Minor league affiliations
- Class: Class D (1906–1910, 1913) Class C (1911-1912, 1914-1915)
- League: Southern Michigan League (1906–1915)

Major league affiliations
- Team: None

Minor league titles
- League titles (1): 1913
- Wild card berths (0): None

Team data
- Name: Battle Creek Crickets (1906–1915)
- Ballpark: Athletic Park (1906–1915)

= Battle Creek Crickets =

The Battle Creek Crickets were a minor league baseball team based in Battle Creek, Michigan. From 1906 to 1915, the "Crickets" played as members of the Southern Michigan League for the duration of the league, winning the 1913 league championship.

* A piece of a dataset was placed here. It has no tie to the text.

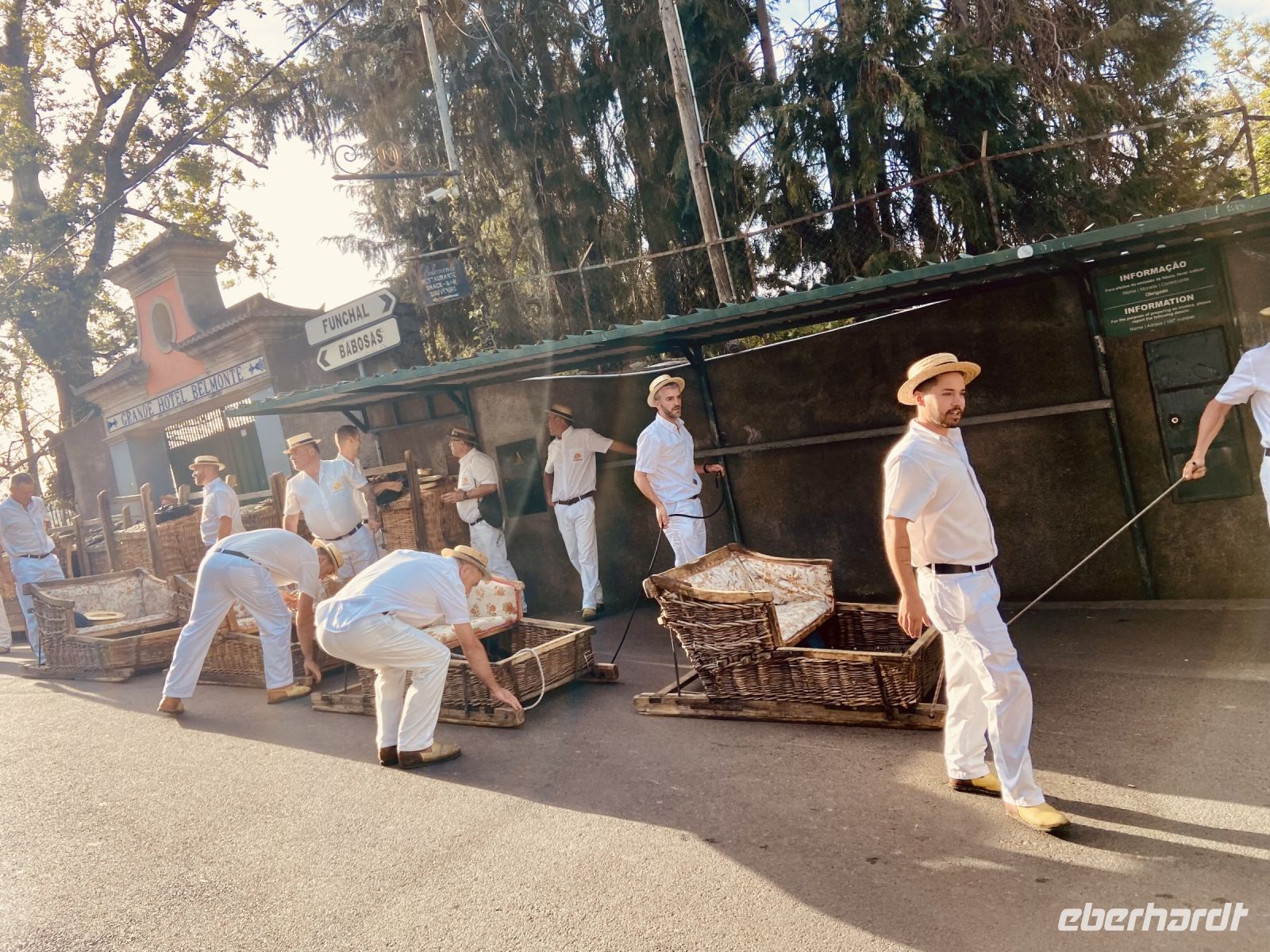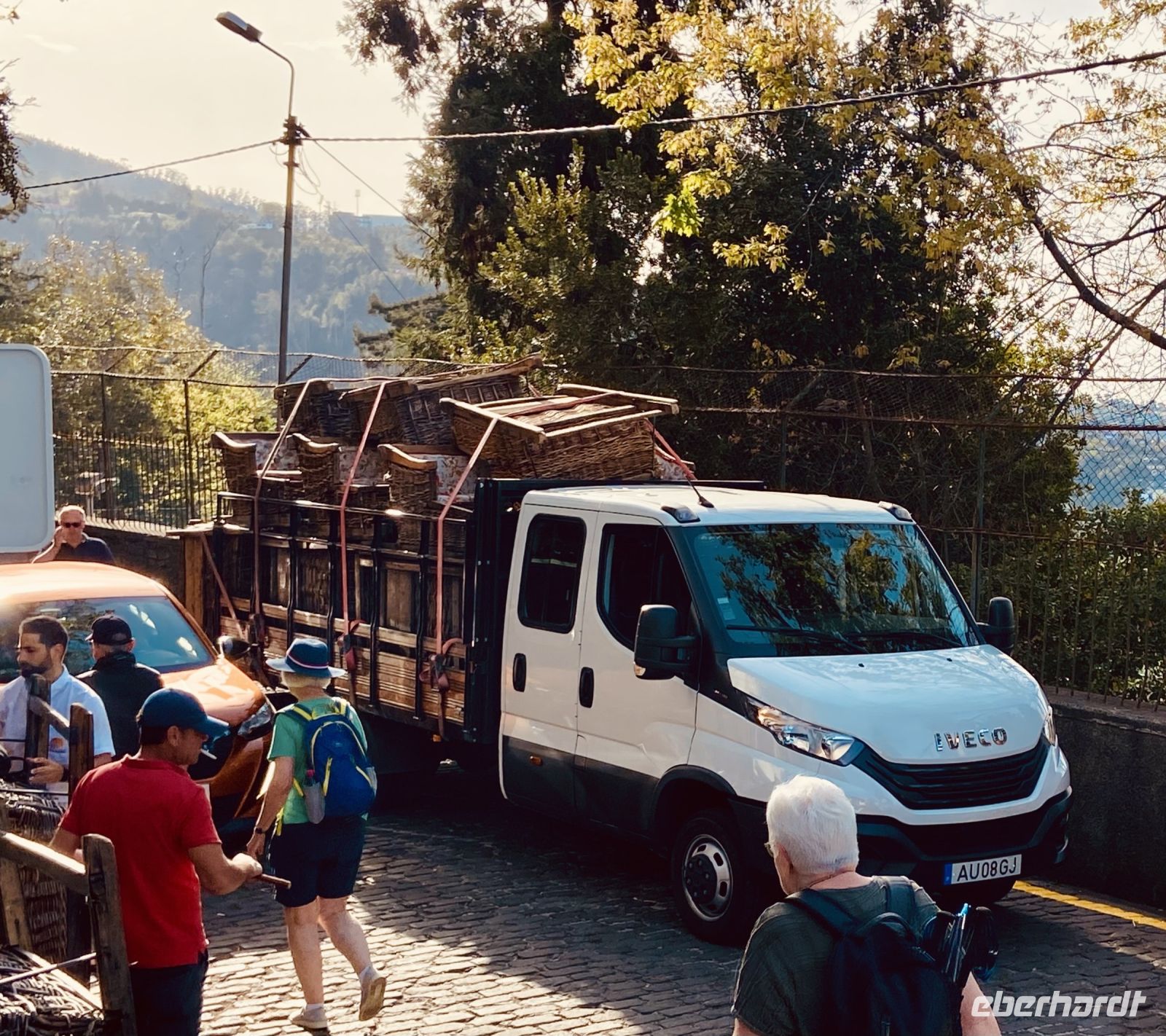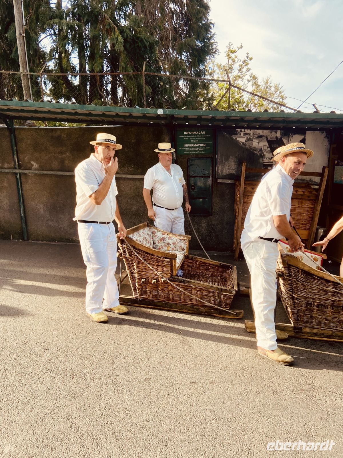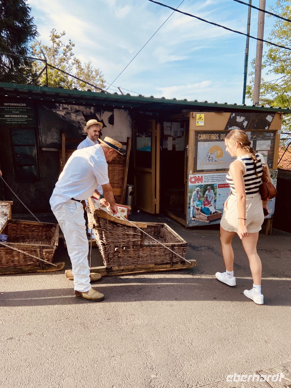 Der Höhepunkt unseres heutigen Halbtagesausflugs: Die 2 km lange Sause im Korbschlitten vom Wallfahrtsort Monte hinab in das Tal. Soweit der Plan…
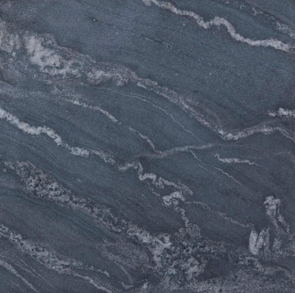 磨き上げた表面には、濃い灰色に白いスジが入る大理石のような流れ模様が見られる石です。

The Battle Creek Crickets teams hosted their home minor league games at Athletic Park.

==History==
===1906 season===
After minor league baseball began in Battle Creek in 1895, with the Battle Creek "Adventists," who played the season as members of the Class B level Michigan State League. The Crickets were immediately preceded by the 1902 Battle Creek "Cero Frutos," who played one season in returning to membership in the Michigan State League.

On January 29, 1906, the Southern Michigan League was formed at a meeting in held in Battle Creek. In the meeting, Joe Jackson, the sports editor of the Detroit Free Press newspaper was named as league president. The league schedule was created and called for each team to play three league games a week, with a salary limit of $800 per month per team. On February 19, 1906, the National Commission awarded the Michigan cities of Jackson and Kalamazoo to the newly formed Southern Michigan League, after the existing Interstate Association had first claimed the Kalamazoo franchise for that league.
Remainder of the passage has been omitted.